The Whitefish School District has been awarded a $13,200 Quality Schools Planning Grant to help create conceptual designs for a proposed new high school.

The grant from the Montana Department of Commerce will help the district pay for architectural design services and conceptual design studies, according to a press release from Steeplechase Development Advisors, the project manager.

The rest of the expense will be covered by the district’s tax increment financing fund, which is earmarked for capital outlay projects.

The school board hired Bayard Dominick and Chris Kelsey of Steeplechase in October to guide the district through the planning and evaluation process of building a new or remodeled high school.

Steeplechase secured the Quality Schools grant and will choose an architectural firm.

The district is requesting proposals from architectural firms and will evaluate those proposals later this month. The chosen firm’s work will be integrated into a draft plan for the high school project.

The plan will describe how Whitefish High’s long-term curriculum and programs would be supported in a redesigned building and how the building would use current technology. It will outline opportunities for community partner groups to use the facility.

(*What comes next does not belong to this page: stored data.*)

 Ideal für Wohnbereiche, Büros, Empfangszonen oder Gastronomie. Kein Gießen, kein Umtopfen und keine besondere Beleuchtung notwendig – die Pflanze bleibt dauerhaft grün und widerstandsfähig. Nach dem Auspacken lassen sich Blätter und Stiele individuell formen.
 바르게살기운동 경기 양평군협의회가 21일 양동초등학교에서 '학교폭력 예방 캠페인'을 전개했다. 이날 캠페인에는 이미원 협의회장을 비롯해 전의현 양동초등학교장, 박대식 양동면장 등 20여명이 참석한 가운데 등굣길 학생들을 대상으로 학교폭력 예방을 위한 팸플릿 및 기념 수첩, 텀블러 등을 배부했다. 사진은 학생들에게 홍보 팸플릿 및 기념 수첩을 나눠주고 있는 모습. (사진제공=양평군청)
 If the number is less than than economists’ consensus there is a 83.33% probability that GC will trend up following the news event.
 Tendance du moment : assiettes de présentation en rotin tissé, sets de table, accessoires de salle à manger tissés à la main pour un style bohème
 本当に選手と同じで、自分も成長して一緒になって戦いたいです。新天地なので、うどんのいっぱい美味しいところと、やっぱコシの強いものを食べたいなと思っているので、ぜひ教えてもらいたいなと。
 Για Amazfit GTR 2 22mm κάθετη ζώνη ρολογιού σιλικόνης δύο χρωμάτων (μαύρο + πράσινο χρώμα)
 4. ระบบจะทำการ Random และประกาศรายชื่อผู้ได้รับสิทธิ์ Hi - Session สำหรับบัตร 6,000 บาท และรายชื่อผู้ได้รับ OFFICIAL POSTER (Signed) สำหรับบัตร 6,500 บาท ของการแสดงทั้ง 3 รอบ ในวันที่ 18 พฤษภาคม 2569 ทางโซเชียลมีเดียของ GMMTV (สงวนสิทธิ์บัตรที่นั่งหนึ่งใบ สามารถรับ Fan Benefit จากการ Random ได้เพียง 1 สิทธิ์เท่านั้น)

The plan will be based on enrollment projections and analyses of the existing building’s potential for renovation.

After the board of trustees approves the draft plan, the district will share it with the community to get comments and feedback. The revised draft will be accompanied by a funding plan.

Steeplechase anticipates it will be at least a year before the school board adopts a final plan.

The project is still in its early stages, although in spring 2009 the school board set a goal to be in a new high school in four years.

The biggest hurdle to getting a new or remodeled school is money: The district’s last two proposed high school building plans have failed to gain voter approval.

In March 2008, voters denied a $21.5 million bond request to renovate and expand the high school. Plans at that time called for 164,000 square feet of new construction, remodeling and improvements, including more than 20 new classrooms, a new food court and cafeteria and an expanded library.

School officials said then that the existing building has problems with safety and liability and no longer meets the needs of its staff and students.

It was the second time in five years that voters had denied a bond request. In 2003, taxpayers rejected a $10.4 million high school bond issue but approved $10.2 million in bonds to renovate Whitefish Middle School.